# Exercise inputs:
§ §
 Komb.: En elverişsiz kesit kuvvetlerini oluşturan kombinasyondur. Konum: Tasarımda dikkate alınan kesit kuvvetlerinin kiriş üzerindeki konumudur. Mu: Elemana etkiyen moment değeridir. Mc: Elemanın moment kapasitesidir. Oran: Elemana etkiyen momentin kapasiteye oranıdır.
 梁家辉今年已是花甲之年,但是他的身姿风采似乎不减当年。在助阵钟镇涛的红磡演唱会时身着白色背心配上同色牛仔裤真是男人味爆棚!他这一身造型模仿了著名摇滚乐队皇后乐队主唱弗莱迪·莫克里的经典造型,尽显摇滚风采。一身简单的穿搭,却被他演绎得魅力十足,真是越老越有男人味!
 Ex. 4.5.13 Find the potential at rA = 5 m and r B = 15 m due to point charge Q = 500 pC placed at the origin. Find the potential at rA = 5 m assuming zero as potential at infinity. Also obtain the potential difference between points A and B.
§ §
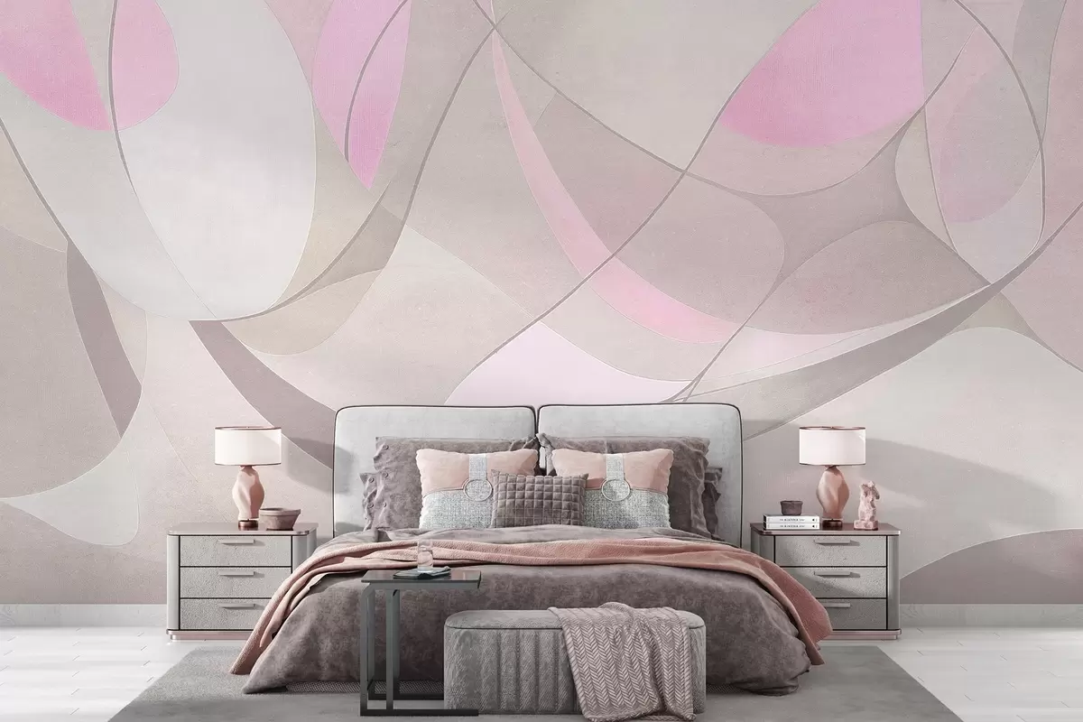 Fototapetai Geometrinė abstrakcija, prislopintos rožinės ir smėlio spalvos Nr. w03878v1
§ §
# Your assignment:
Everything above from the line containing "Komb.: En elverişsiz" down to the line containing "Ex. 4.5.13 Find" should be copied exactly, both end lines included, and nothing else.

# Solution to the problem:
 Komb.: En elverişsiz kesit kuvvetlerini oluşturan kombinasyondur. Konum: Tasarımda dikkate alınan kesit kuvvetlerinin kiriş üzerindeki konumudur. Mu: Elemana etkiyen moment değeridir. Mc: Elemanın moment kapasitesidir. Oran: Elemana etkiyen momentin kapasiteye oranıdır.
 梁家辉今年已是花甲之年,但是他的身姿风采似乎不减当年。在助阵钟镇涛的红磡演唱会时身着白色背心配上同色牛仔裤真是男人味爆棚!他这一身造型模仿了著名摇滚乐队皇后乐队主唱弗莱迪·莫克里的经典造型,尽显摇滚风采。一身简单的穿搭,却被他演绎得魅力十足,真是越老越有男人味!
 Ex. 4.5.13 Find the potential at rA = 5 m and r B = 15 m due to point charge Q = 500 pC placed at the origin. Find the potential at rA = 5 m assuming zero as potential at infinity. Also obtain the potential difference between points A and B.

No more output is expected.